METHODS: We carried out a retrospective cohort study on 258 patients with esophageal varices at a single tertiary referral center. These patients underwent diagnosis of several liver diseases, including: NAFLD-associated cirrhosis, hepatitis B, hepatitis C, Wilson disease, autoimune liver diseases, and others.
RESULTS: Of the 258 patients, 39% of patients exhibited esophageal varices due to NAFLD-associated cirrhosis. Of the 38 (14.7%) patients developed hepatocellular carcinoma during follow-up, 52% were due to hepatitis B, 26% due to hepatitis C and 13.2% due to NAFLD. Of the 258 patients, 50.0% with NAFLD, 33.3% with hepatitis B, 26.3% with hepatitis C, and 58.3% with other diseases were alive at the end of the 5-year period with a significant difference according to the Kaplan-Meier log Rank test (P = 0.040). Portal vein thrombosis was detected in 47.5% of patients with NAFLD, in 29% of patients with hepatitis B, in 17% of patients with hepatitis C, and in 62% of patients with other related diseases (P < 0.0001).

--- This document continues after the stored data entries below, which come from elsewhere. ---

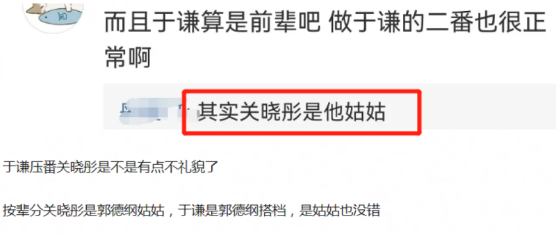 结果这句话,引来了粉丝笑话似的辩驳:“其实关晓彤是于谦的姑姑。”
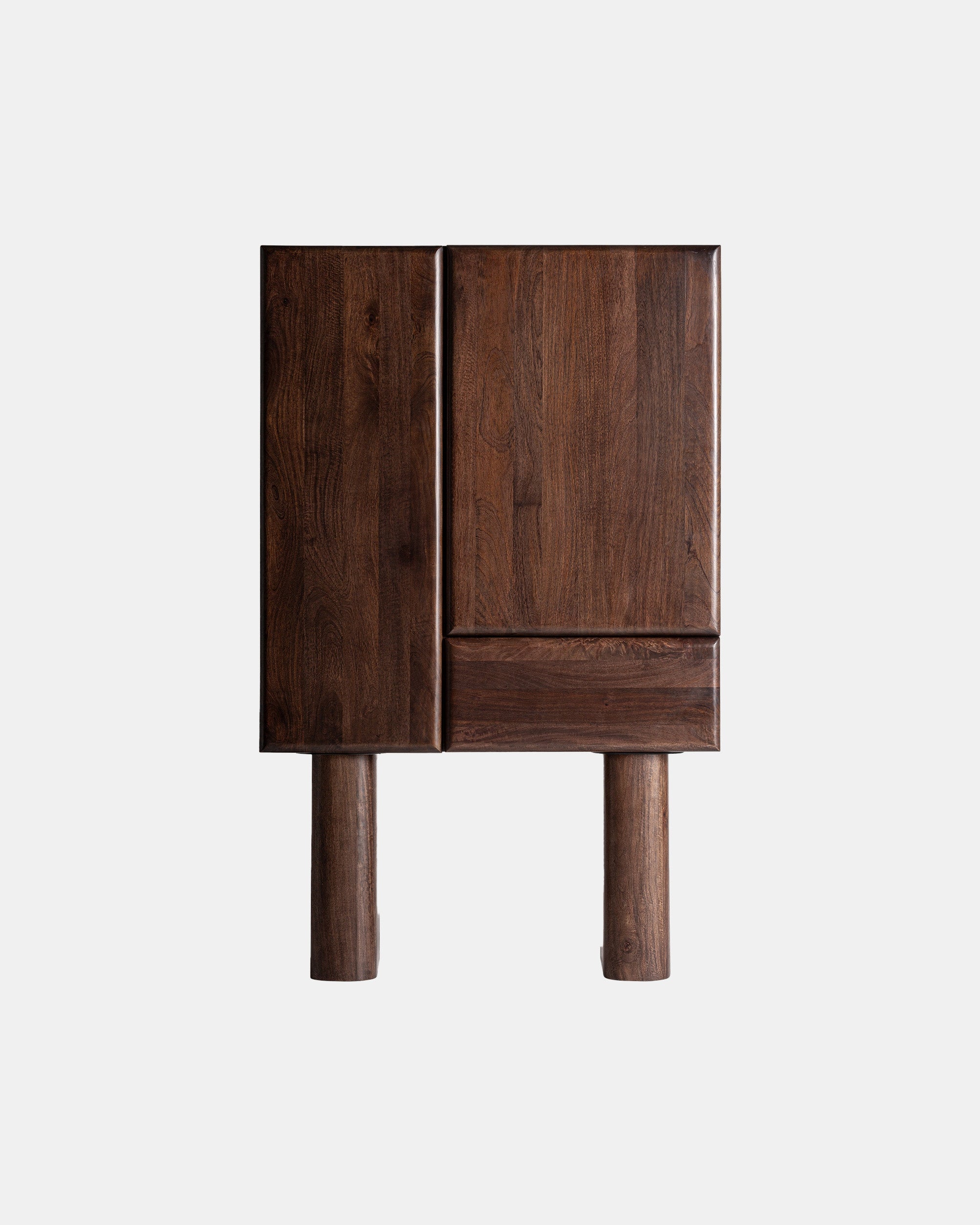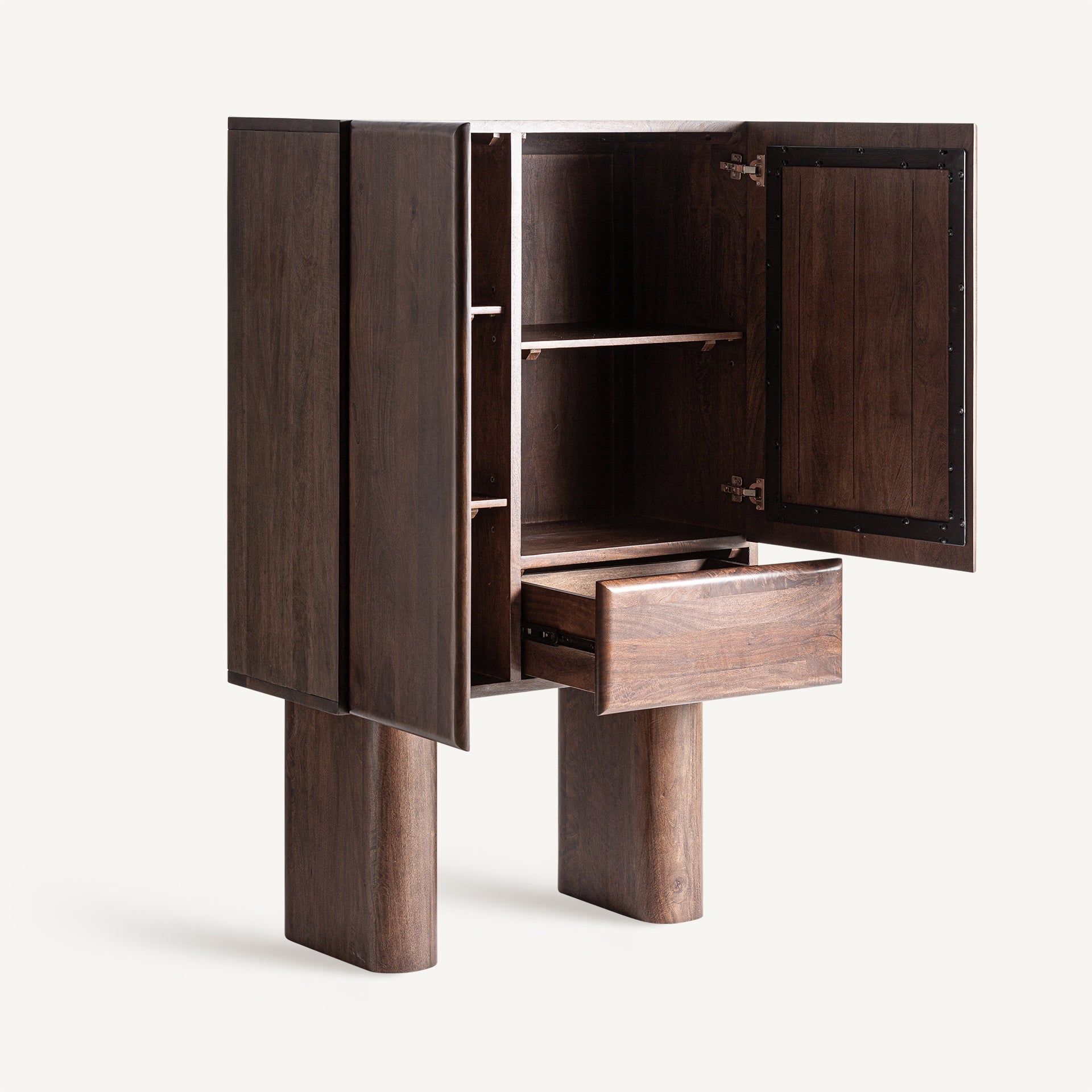 Bring et snev av eleganse og raffinement til interiøret ditt med Craigh skap i nydelig mangotre. Dette eksepsjonelle møbelet kombinerer sofistikert design med materialer av høy kvalitet, og gir både praktisk oppbevaringsplass og et fremtredende dekorativt element.
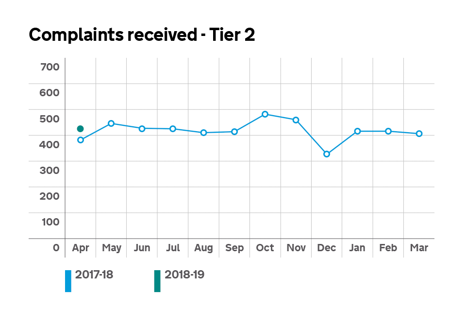 Graph showing the number of Tier 2 complaints received.

CONCLUSION: Our study showed a proportionally greater elevation in liver transplant candidacy in patients with NAFLD and portal vein thrombosis. Older patients were more prone to developing cirrhosis, hepatocellular carcinoma and a high mortality rate. However, younger patients exhibited more portal vein thrombosis and gastric varices.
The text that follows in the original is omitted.